#1 Seeds – Kentucky, Syracuse, North Carolina, and Michigan State.
Interestingly, 3 of these 4 top seeds (all except MSU) are heading into the tournament off a loss. Only the Spartans were able to win their conference tournament while the others were knocked out prematurely.
#2 Seeds – Duke, Ohio State, Kansas, Missouri
Duke is looking to make its 16th Final Four appearance while Missouri is still in search of its first.
Iona – The Gaels won the regular season MAAC title but were upset by Fairfield in their conference tournament.

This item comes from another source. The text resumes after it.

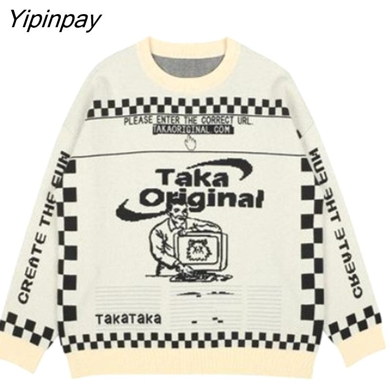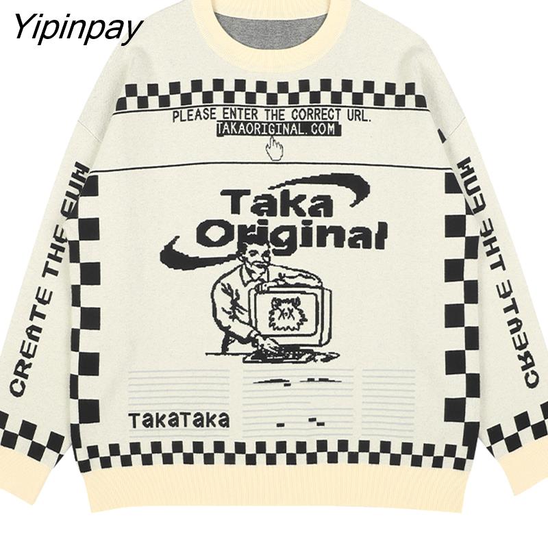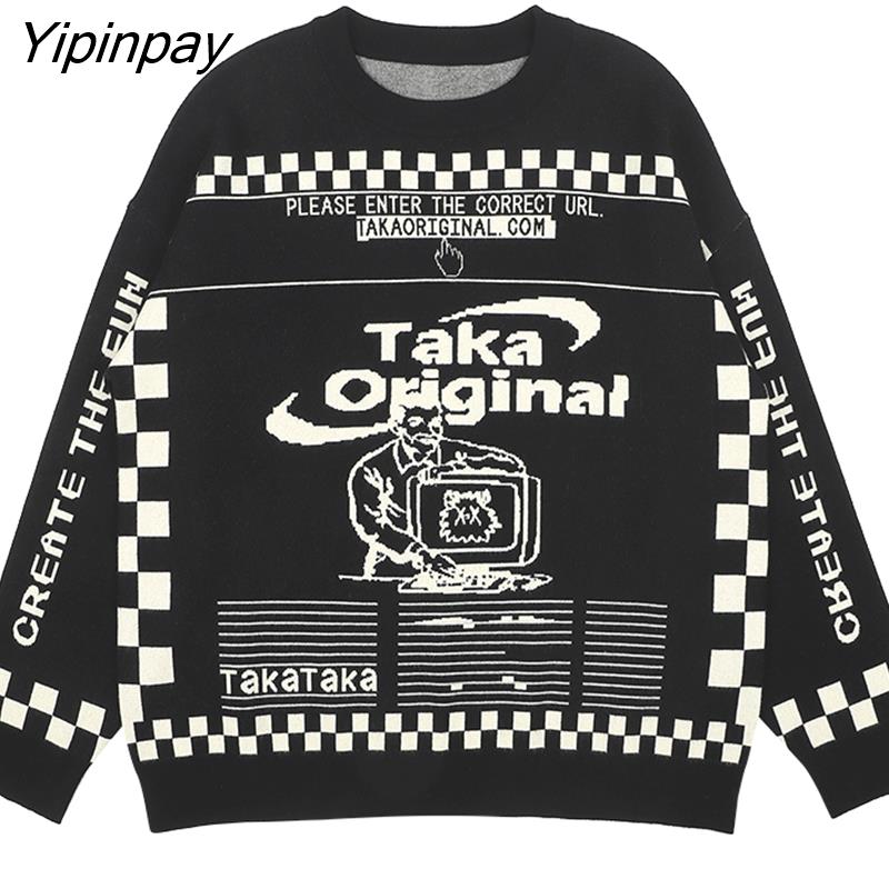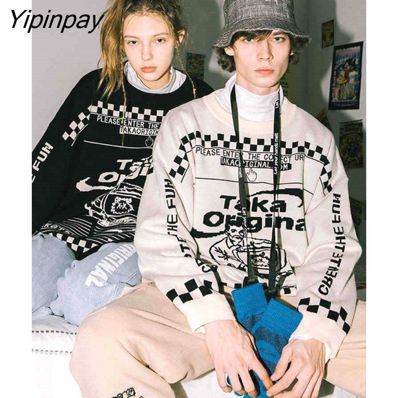 Yipinpay Men's Oversized Pattern Sweater Fashion Loose Trend American Retro Round Neck 2023 Winter Jacquard Knit Sweater Women's Sweater

Not having played any team with an RPI above 50, many are wondering how this Mid-American team edged its way in. Look out, though. Iona edges out North Carolina as the highest scoring team in the country.
Washington – The Huskies become the first team from a “major” conference to miss the tournament after winning their regular season conference title. However, the Pac-12 was so weak this year, that most analysts are not surprised at the snub, especially after being upset by Oregon State in the conference tournament.
Drexel – The Dragons won an impressive 27 games this year, and over the second half of the season, won 19 straight games. Unfortunately they lost to VCU (last year’s Final Four Cinderella) in the Colonial Athletic conference tournament. This loss in conjunction with a weak strength of schedule doomed their chances.
Trends since 1979 (the current seeding era):
Only once has the Final Four been composed of all four #1 seeds (2008).
The Final Four has included no #1 seeds just three times.
(Last year, the Final Four had no #1 seeds or #2 seeds for the first time ever.)
The championship game has pitted two #1 seeds against each other only 6 times.
However, the eventual champion has been a #1 seed 18 times:
1 seed – 18 times
2 seed – 6 times
3 seed – 5 times (including UConn last year)
4 seed – 1 time (Arizona, 1997)
5 seed – never
6 seed – 2 times
7 seed – never
8 seed – 1 (Villanova, 1985)
9 and lower – never
Finally, the Selection Committee has been assigning a #1 overall seed since 2004. This would seem to denote the “best” team in the country; however, only once over the past 8 years has thet #1 overall seed gone on to win it all – Florida in 2007. Will Kentucky be able to overcome the pressure and break this trend?